═════ Material provided
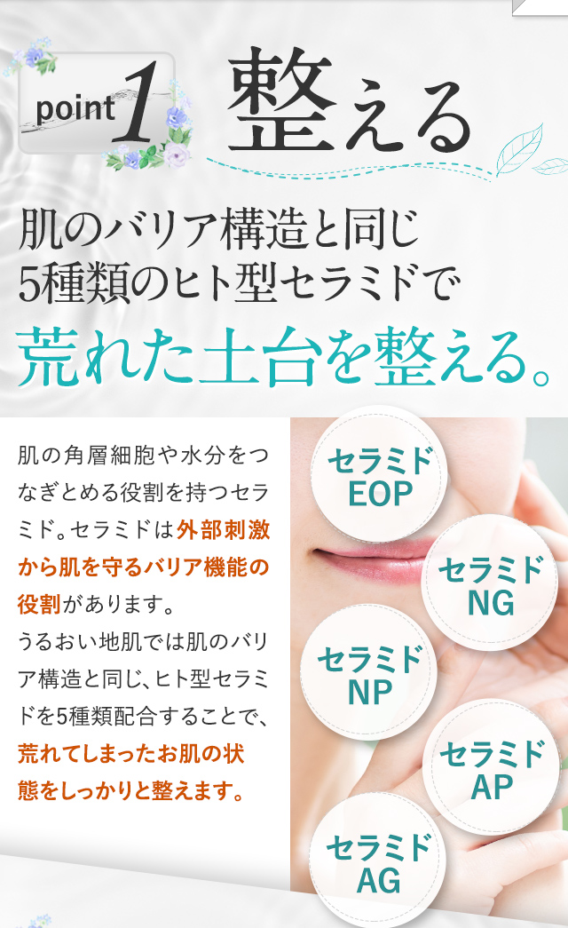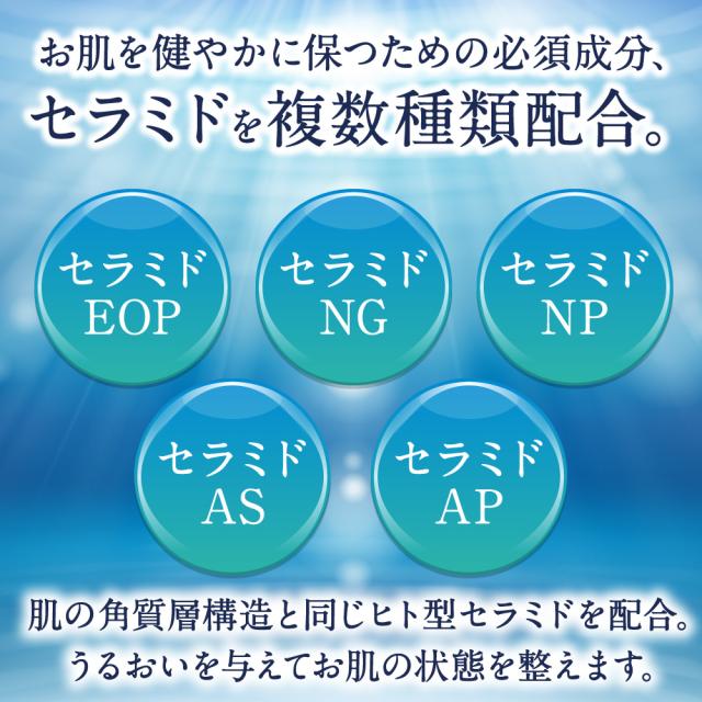 肌のバリア構造と同じヒト型セラミド配合(セラミドEOP、セラミドNG、セラミドNP、セラミドAS、セラミドAP)。うるおいを与えてお肌の状態を整えます。
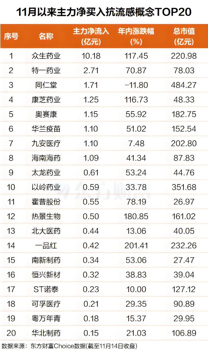 东方财富Choice数据显示,自今年11月以来,主力资金净买入多只抗流感概念股,众生药业排名第一,主力净买入超10亿元,今年以来该股股价已经翻倍;特一药业排名第二,主力净买入近3亿元,今年以来涨幅也已经超过了70%。
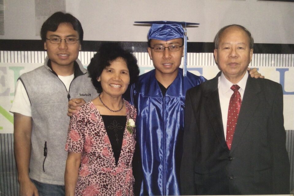 1979年,黄月琴的二哥黄绍彬合家,从缅甸移民美国,五年连续居住后,1984年,合家成功加入美籍,同时帮助母亲和兄弟姐妹,申请移民美国。我们当时在云南陆良华侨农场教书,很快收到美国驻北京大使馆的通知,本以为我们很快能够移民美国,后来得知兄妹关系移民申请,必须排期等待约十年。摆在我们面前的道路有两条,继续畄在农场等十年,或申请移居香港等十年,我们必须选择其中一条。我年轻的时候,单枪匹马,选择当中文教师,轻而易举。现在有了家庭,要考虑夫妇工作和生活,同时要考虑两个孩子的前途。
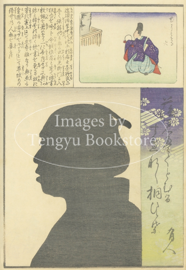 江戸末期の文化人たちの肖像影絵集「くまなき影」中の1ページ。「興画合」という文人たちの遊びの会を主宰していたパトロン波月亭花雪の3周忌記念として制作された本書は、「興画合」会の参加者たちを略伝と影絵を用いて紹介したもの。
══════════
About this exercise. Exactly the lines starting at the one above with "东方财富Choice数据显示" and ending at the one with "1979年,黄月琴的二哥黄绍" should be printed, and nothing else. Omit the pictures.

Written solution.
 东方财富Choice数据显示,自今年11月以来,主力资金净买入多只抗流感概念股,众生药业排名第一,主力净买入超10亿元,今年以来该股股价已经翻倍;特一药业排名第二,主力净买入近3亿元,今年以来涨幅也已经超过了70%。
 1979年,黄月琴的二哥黄绍彬合家,从缅甸移民美国,五年连续居住后,1984年,合家成功加入美籍,同时帮助母亲和兄弟姐妹,申请移民美国。我们当时在云南陆良华侨农场教书,很快收到美国驻北京大使馆的通知,本以为我们很快能够移民美国,后来得知兄妹关系移民申请,必须排期等待约十年。摆在我们面前的道路有两条,继续畄在农场等十年,或申请移居香港等十年,我们必须选择其中一条。我年轻的时候,单枪匹马,选择当中文教师,轻而易举。现在有了家庭,要考虑夫妇工作和生活,同时要考虑两个孩子的前途。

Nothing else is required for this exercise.